On the other hand, in a case where the pieces of image data have not yet been stored in the SRAMs 25, as with the black and white display described above, image signals representing pieces of image data “0” for white display may be stored in the SRAMs 25 included in all the pixels 2 in the data writing period, and low-level second driving signals may be supplied to all the pixels 2 through the second control line 12 in the display period. Note that, at this time, the common power supply modulation circuit 8 should break the first control line 11.

Full Black Display

When full black display is performed (that is, when an image of a single tone is displayed), the operation the same as performed for the full white display is performed. Specifically, in a case where the pieces of image data have already been stored in the SRAMs 25, all the pixel electrodes 21 receive high-level driving signals irrespective of the pieces of image data stored in the SRAMs 25 by controlling the first driving signals supplied through the first control line 11 and the second driving signals supplied through the second control line 12 to be a high level using the common power supply modulation circuit 8. Here, pulsed common voltage signal having amplitude of 15V or a low-level (ground level) common voltage signal of 15V which is a constant signal may be supplied to the common electrode 22. As described above, when the pieces of image data have already been stored in the SRAMs 25, the data writing period is skipped and the full black display is performed.

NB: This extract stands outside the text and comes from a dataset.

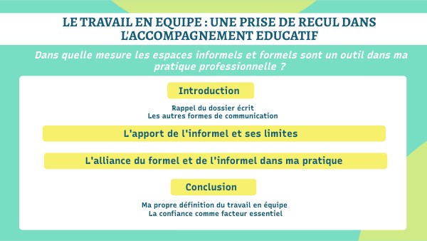 - Les temps informels font partie intégrante du travail de l'éducateur spécialisé = de prendre du recul sur les situations, transmettre et confronter ses analyses, avoir un retour sur ses pratiques professionnelles.

On the other hand, in a case where the pieces of image data have not yet been stored in the SRAMs 25, as with the black and white display described above, image signals representing pieces of image data “1” for the black display are stored in the SRAMs 25 included in all the pixels 2 in the data writing period, and high-level first driving signals are supplied to all the pixels 2 through the first control line 11 in the display period. Note that the common power supply modulation circuit 8 should break the second control line 12.

Furthermore, when an image of a single tone other than white and black is displayed, that is, when halftone display (gray display) is performed, image signals representing the pieces of image data “1” or image signals representing the pieces of image data “0” are stored in the SRAMs 25 included in all the pixels 2. In a case where the pieces of image data “1” are stored in the SRAMs 25 of all the pixels 2, first driving signals representing halftone are supplied to the first control line 11, whereas in a case where the pieces of image data “0” are stored in the SRAMs 25 of all the pixels 2, second driving signals representing halftone are supplied to the second control line 12.

Grayscale Display

Taking the basic operations described above into consideration, an operation for performing grayscale display (that is, an operation performed when an image having three or more tones is to be displayed) will now be described with reference to a timing chart shown in FIG. 6. Referring to FIG. 7, a case where grayscale display having four tones, i.e., a white tone W, a light gray tone Gr1, a middle gray tone Gr2, and a dark gray tone Gr3 is performed will be described as an example hereinafter. Note that, it is assumed that the SRAMs 25 of the pixels 2 have not stored any pieces of image data therein in an initial state.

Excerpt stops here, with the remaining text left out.